- _Task prompt_
Restate word for word the part of the material that runs from the line containing "กองจัดการโรงงาน 5 การยางแห่งประเทศไทย" through its final line, inclusive, minus the pictures.

#####

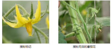 当熊蜂访番茄花时,会使用前额将自己固定在花朵上,因此会在花柱上留下棕色的印记(称为“吻痕”)这是识别熊蜂授粉的主要标记。熊蜂刚授粉后吻痕很轻,不容易分辨,随着时间的延长吻痕面积会逐渐扩大,颜色变深,授粉24~36小时后吻痕已比较明显,容易观察识别。熊蜂一次访花就可以产生良好的授粉效果。熊蜂授粉3~5天后,番茄花瓣会逐渐闭合、萎蔫与柱头一起脱落。70%以上的花出现褐色吻痕可界定为蜂群正常访花。
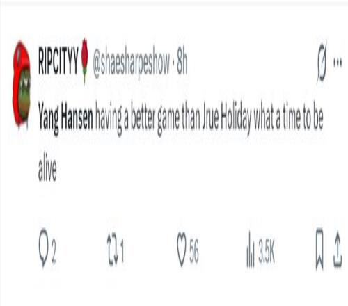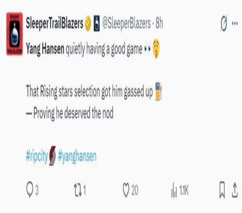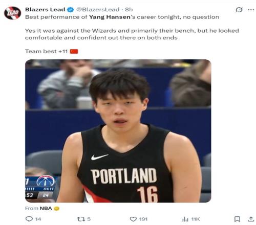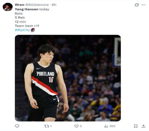 開拓者球迷:楊瀚森真的表現很好,他終於看起來像一個NBA球員了,繼續保持下去吧。
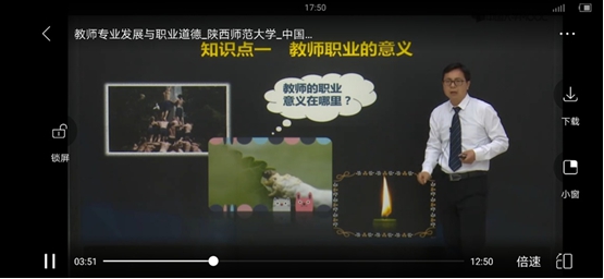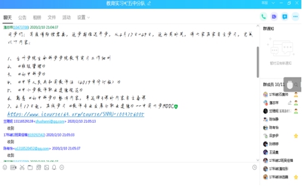 17科学教育专业、17生物科学(师范)专业的《教育实习》课程,由各带队教师通过QQ群、微信群,线上发布公司实习要求、学习任务、学习视频及课件,要求组内员工利用MOOC自主学习《教师专业发展与职业道德》等理论课程,组织线上讨论、答疑,监督员工学习。
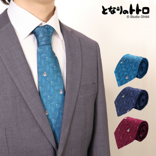 トトロのネクタイは遊び心のあるデザインが支持されています。胸元のアクセントになるので、いつものスーツスタイルに可愛さをプラスしたい時にピッタリなネクタイです。
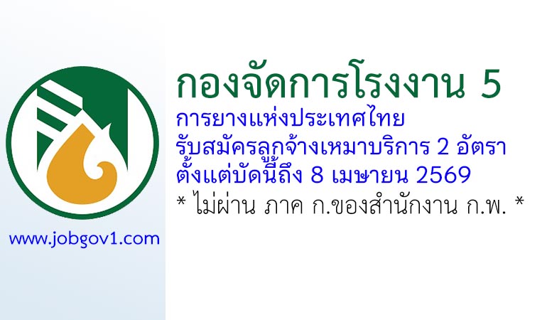 กองจัดการโรงงาน 5 การยางแห่งประเทศไทย รับสมัครลูกจ้างเหมาบริการ 2 อัตรา ตั้งแต่บัดนี้ถึง 8 เมษายน 2569
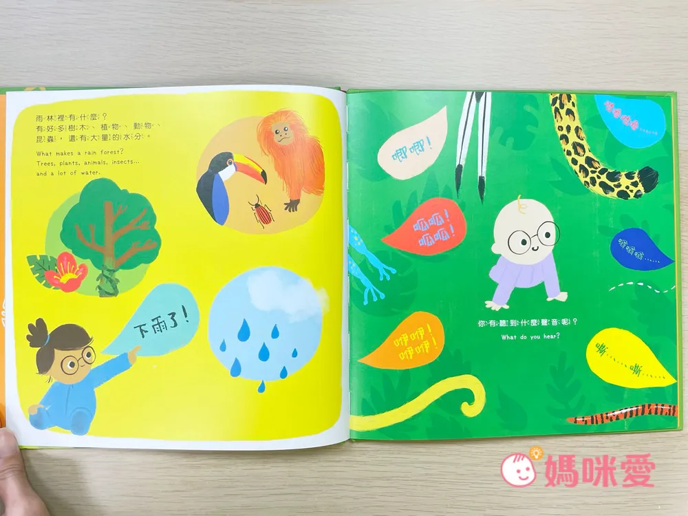 雨林的豐富生態系:書中描繪了雨林中獨特的動植物,例如樹蛙、巨嘴鳥、藤蔓植物等,幫助孩子認識熱帶雨林的多樣性。
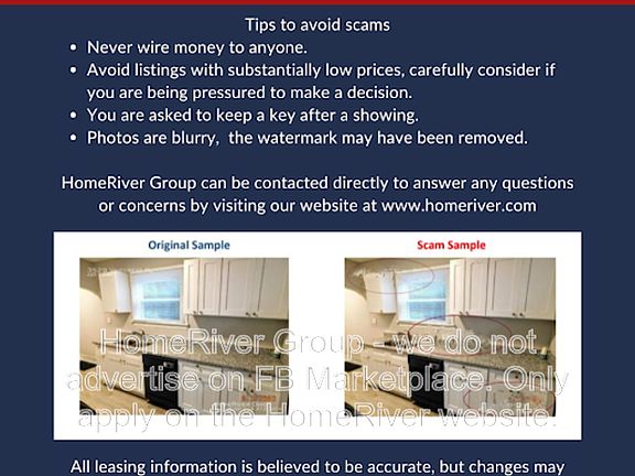 HomeRiver Group does not advertise properties on Craigslist, LetGo, or other classified ad websites. If you suspect one of our properties has been fraudulently listed on these platforms, please notify HomeRiver Group immediately. All payments related to leasing with HomeRiver Group are made exclusively through our website. We never accept wire transfers or payments via Zelle, PayPal, or Cash App. All leasing information contained herein is deemed accurate but not guaranteed. Please note that changes may have occurred since the photographs were taken. Square footage is estimated.

#####

- _Task solution_
 กองจัดการโรงงาน 5 การยางแห่งประเทศไทย รับสมัครลูกจ้างเหมาบริการ 2 อัตรา ตั้งแต่บัดนี้ถึง 8 เมษายน 2569
 雨林的豐富生態系:書中描繪了雨林中獨特的動植物,例如樹蛙、巨嘴鳥、藤蔓植物等,幫助孩子認識熱帶雨林的多樣性。
 HomeRiver Group does not advertise properties on Craigslist, LetGo, or other classified ad websites. If you suspect one of our properties has been fraudulently listed on these platforms, please notify HomeRiver Group immediately. All payments related to leasing with HomeRiver Group are made exclusively through our website. We never accept wire transfers or payments via Zelle, PayPal, or Cash App. All leasing information contained herein is deemed accurate but not guaranteed. Please note that changes may have occurred since the photographs were taken. Square footage is estimated.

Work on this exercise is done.